Upon further investigation, I developed Yara rules for the various stages, which can be found here (excluding the final payload):

With that out of the way, all of this reminded me of the fact that we can also write Yara rules for unique identifiers specific to malware written in .NET, or any other .NET assemblies for that matter.

A bit of history

This isn’t my first encounter with analysing .NET malware at scale: several years ago, I co-authored a presentation with Santiago on hunting SteamStealer malware, which was surging exponentially at the time (the malware intended to steal your Steam inventory items and/or your account). A huge thanks goes to Brian Wallace who had developed a tool at the time called GetNetGUIDs with which it was trivial to extract all the GUID types and start clustering to identify patterns: basically, which of the malware samples are likely authored by the same person or belong to the same attack campaign.

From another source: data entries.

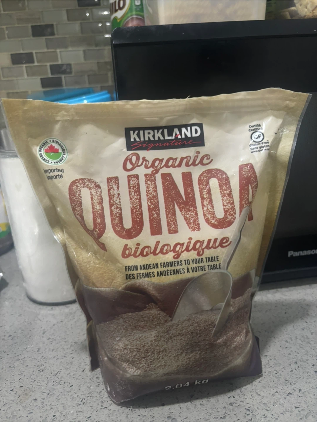 Selling a bag of Kirkland Signature Organic Quinoa! It's a 2.04 kg bag, perfect for stocking up your pantry. This quinoa is imported and certified gluten-free. From Andean farmers to your table!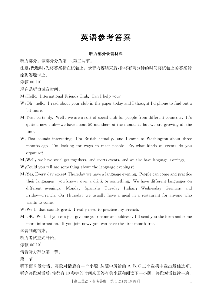 河南省部分高中2024-2025年高三年级联考(三)英语答案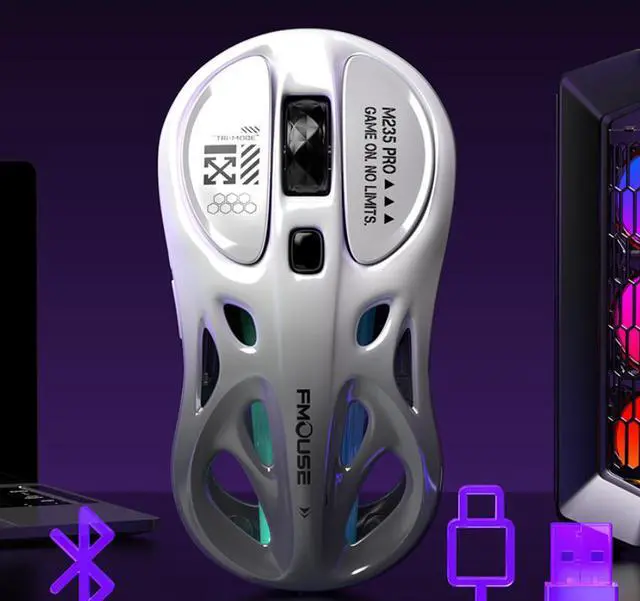 M235por is a lightweight three-mode wireless Bluetooth mouse for computers, featuring RGB lighting for gaming and esports purposes.

.NET assemblies or binaries often contain all sorts of metadata, such as the internal assembly name and GUIDs, specifically; the MVID and TYPELIB.

  • GUID: Also known as the TYPELIB ID, generated when creating a new project.

  • MVID: Module Version ID, a unique identifier for a .NET module, generated at build time.

  • TYPELIB: the TYBELIB version – or number of the type library (think major & minor version).

These specific identifiers can be parsed with the strings command and a simple regular expression (regex): [a-fA-F0-9]{8}-[a-fA-F0-9]{4}-[a-fA-F0-9]{4}-[a-fA-F0-9]{4}-[a-fA-F0-9]{12}

Taking a sample of PureLogStealer posted by James_in_the_box, you could then write a Yara rule based on the MVID or Typelib detected.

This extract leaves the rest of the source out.